1. Use meaningful variable names, particularly for method parameters, e.g. "encryptedString" instead of "s"

2. Instead of this goofy construct ".Substring(2*i-2, 2)", you can initialize the for loop's iterator, i, to 0, make it's condition that i is less than the string's length, and increment it by two each iteration, instead of 1, you can write ".Substring(i, 2)" - which changes the "for" loop from "for (int i = 1; i <= s.Length / 2; i++)" to "for (int i = 0; i < s.Length; i += 2)"

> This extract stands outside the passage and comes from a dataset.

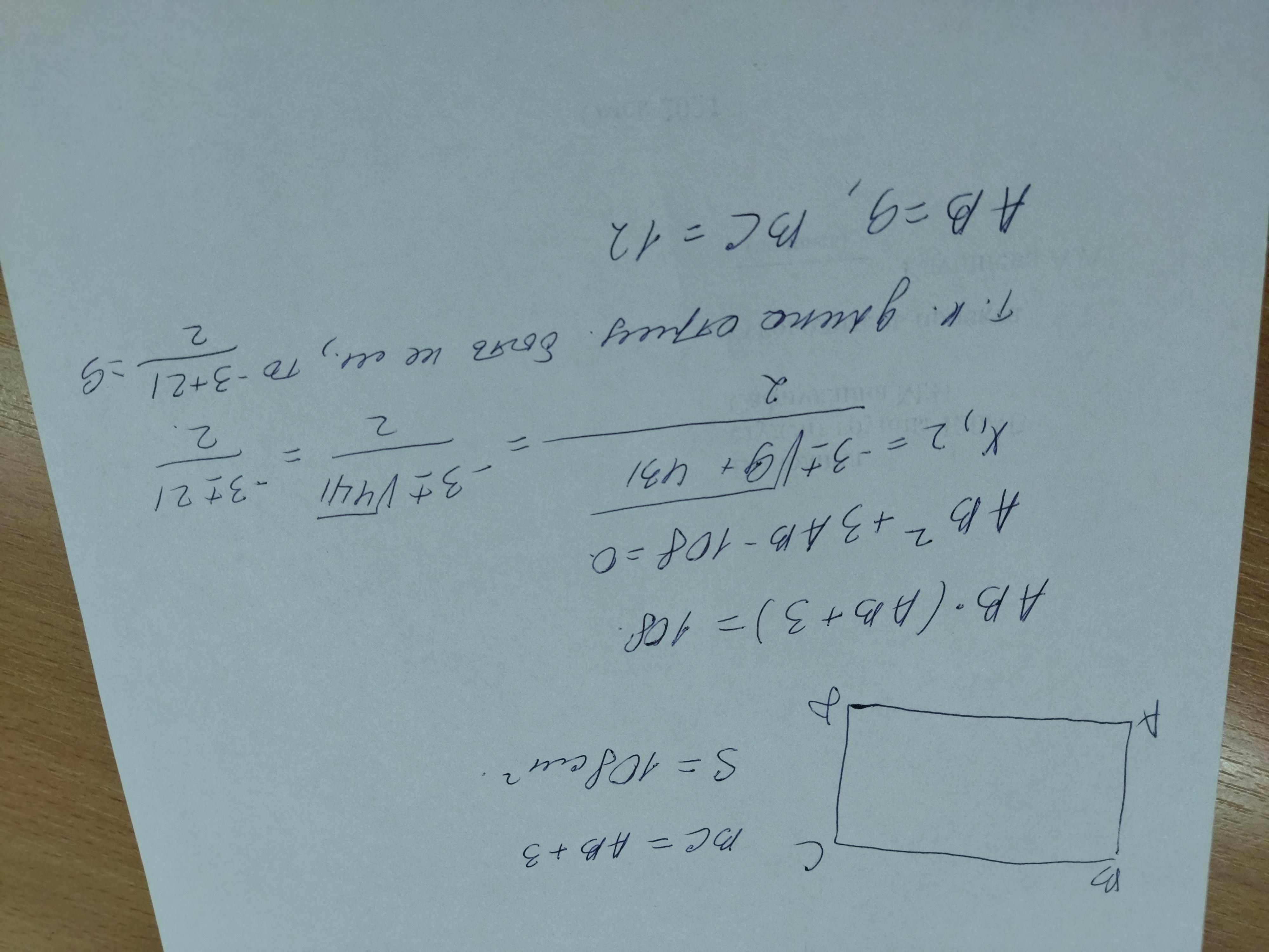 . В прямоугольнике ABCD длина ВС больше его длины АВ на 3 см, а его площадь равна 108 см2. Найди AB и BC. Может знатоки, могут помочь
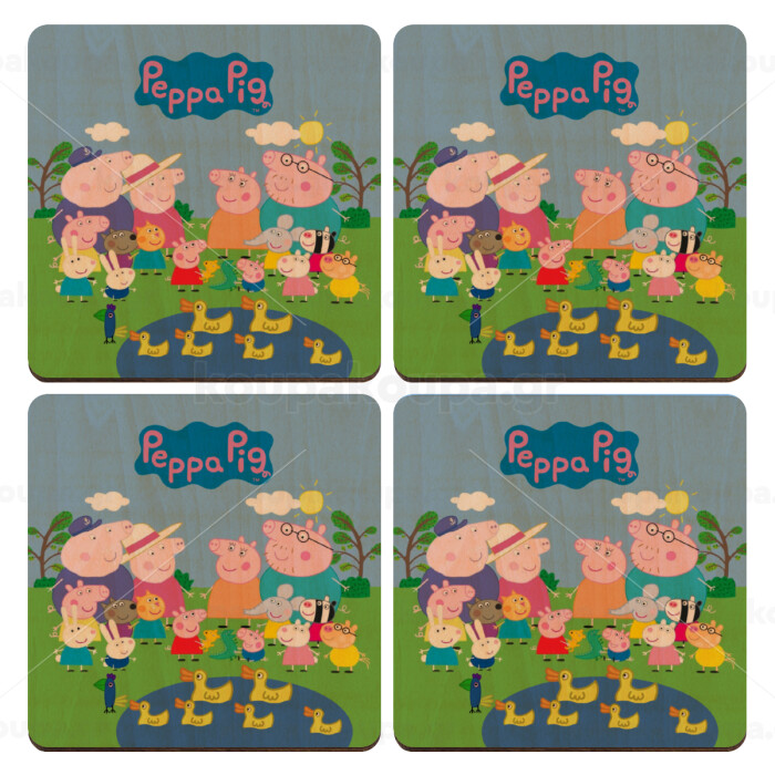 Peppa pig Family, ΣΕΤ x4 Σουβέρ ξύλινα τετράγωνα plywood (9cm)

3. The byte "b" is of no use to me outside of the for loop, so I deliberately declared it inside the loop to limit it's scope.

4. Don't concatenate strings in loops like this using syntax such as "result += someOtherString" - since strings in .Net are immutable (meaning once created they can't be changed), you're actually creating new strings everytime you do that. That's what the StringBuilder is intended for.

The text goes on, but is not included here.